----- Provided data -----
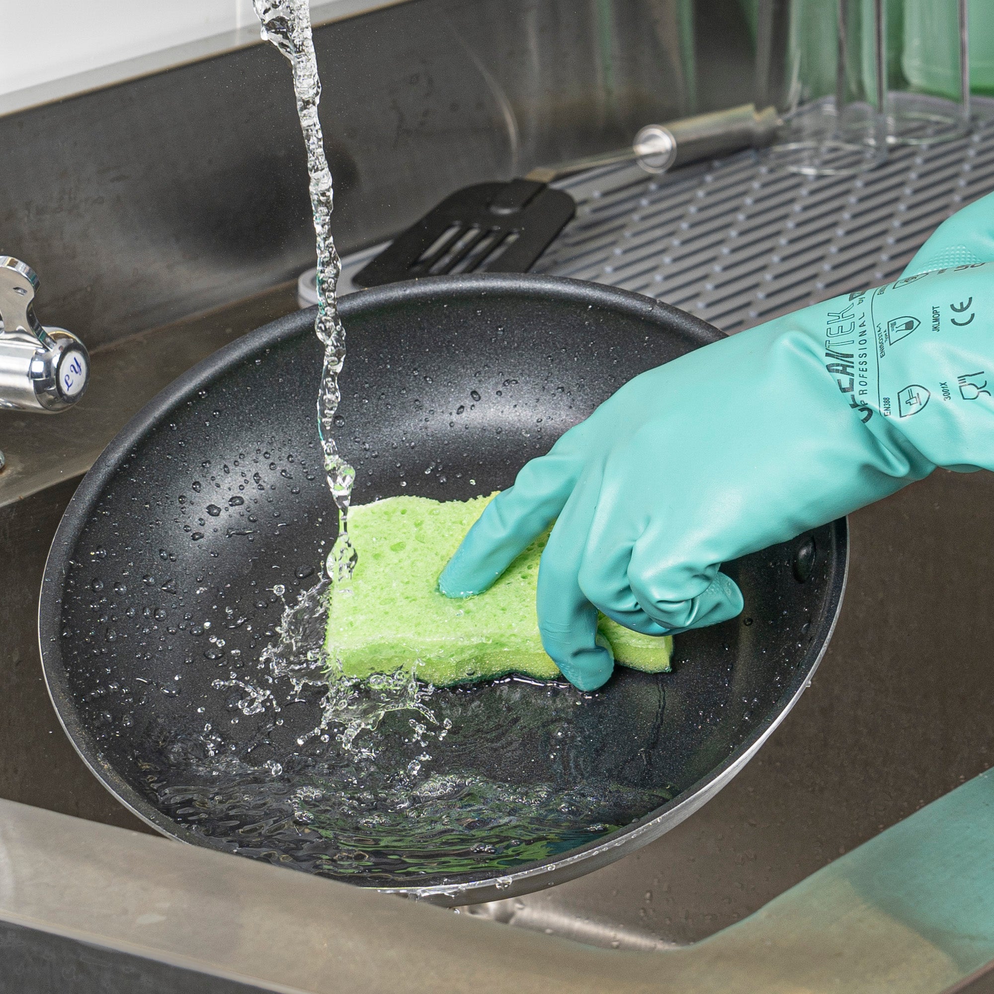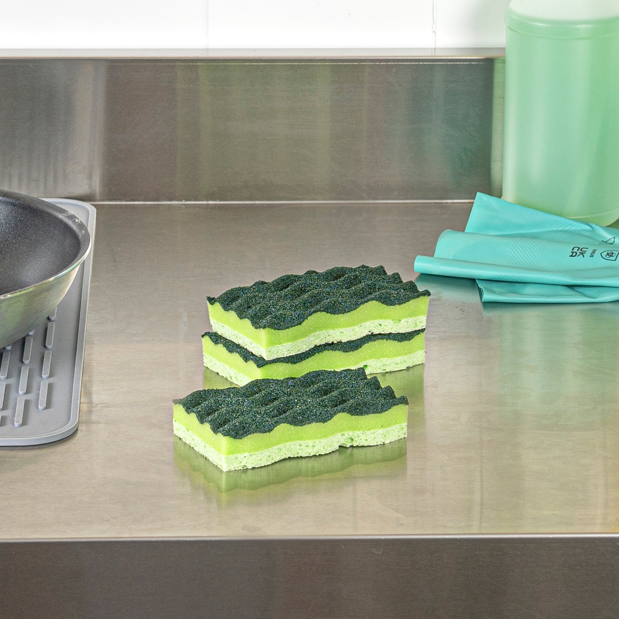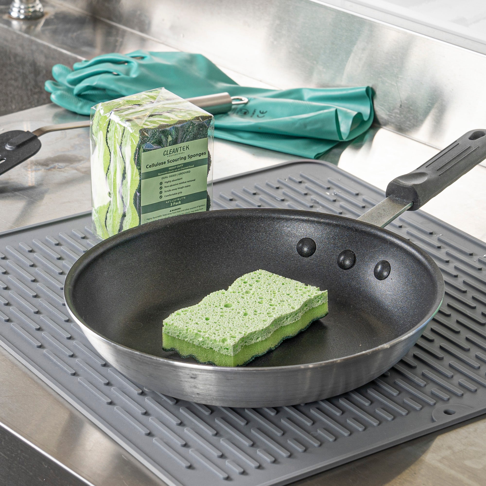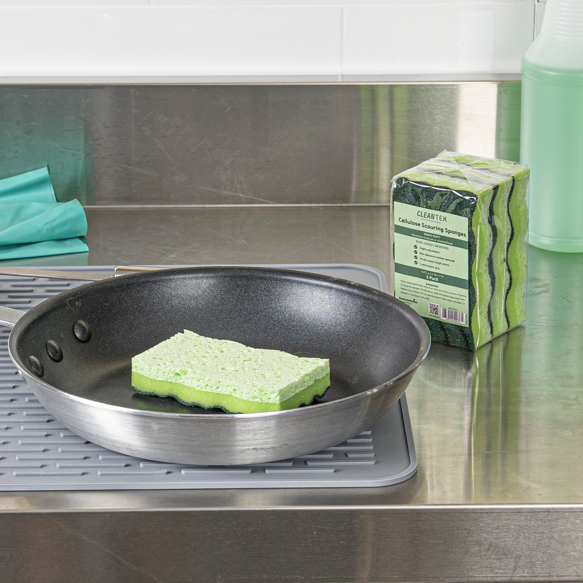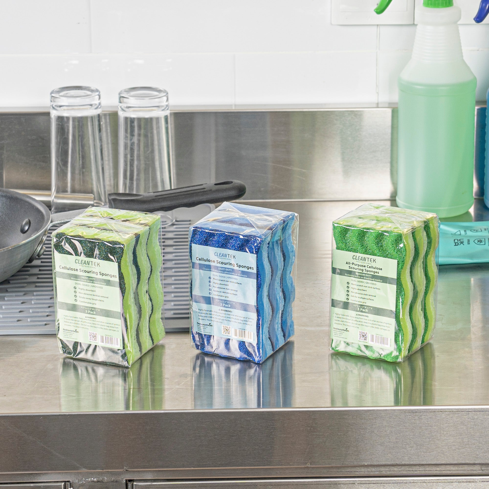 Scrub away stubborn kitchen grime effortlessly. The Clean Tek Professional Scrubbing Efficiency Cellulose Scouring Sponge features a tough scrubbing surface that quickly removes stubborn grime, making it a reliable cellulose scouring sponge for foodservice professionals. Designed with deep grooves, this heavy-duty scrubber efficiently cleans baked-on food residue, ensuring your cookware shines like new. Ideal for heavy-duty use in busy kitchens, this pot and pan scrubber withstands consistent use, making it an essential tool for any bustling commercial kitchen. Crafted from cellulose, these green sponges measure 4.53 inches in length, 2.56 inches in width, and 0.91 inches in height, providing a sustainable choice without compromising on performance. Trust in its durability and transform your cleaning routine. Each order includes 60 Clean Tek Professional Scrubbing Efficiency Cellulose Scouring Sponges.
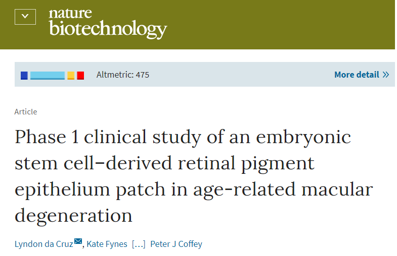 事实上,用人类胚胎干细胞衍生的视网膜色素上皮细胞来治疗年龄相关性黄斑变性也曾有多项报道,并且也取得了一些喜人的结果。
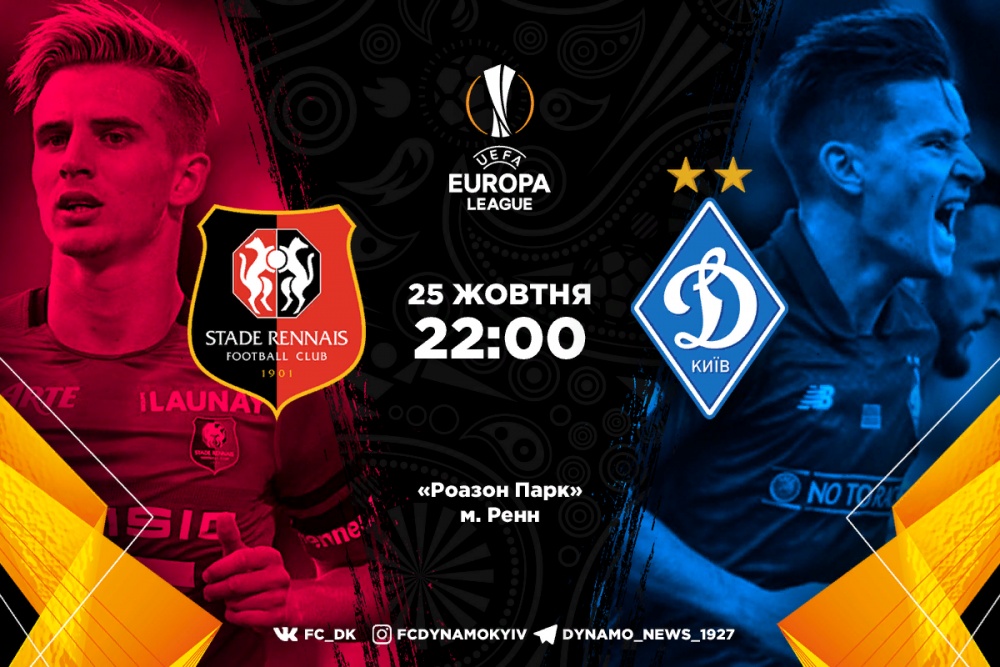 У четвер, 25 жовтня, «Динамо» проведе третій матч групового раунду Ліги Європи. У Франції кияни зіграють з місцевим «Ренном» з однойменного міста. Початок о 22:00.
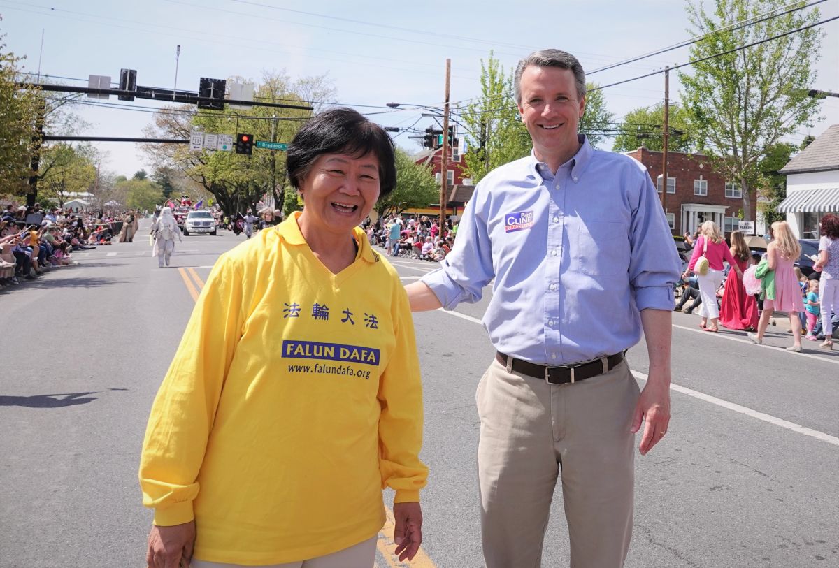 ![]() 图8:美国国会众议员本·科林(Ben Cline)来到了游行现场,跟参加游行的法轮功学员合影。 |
-----
What is expected: "У четвер, 25" marks the first line to copy; copy that line and every line after it through the last line of the listing, exactly and without pictures.

Problem solution:
 У четвер, 25 жовтня, «Динамо» проведе третій матч групового раунду Ліги Європи. У Франції кияни зіграють з місцевим «Ренном» з однойменного міста. Початок о 22:00.
 ![]() 图8:美国国会众议员本·科林(Ben Cline)来到了游行现场,跟参加游行的法轮功学员合影。 |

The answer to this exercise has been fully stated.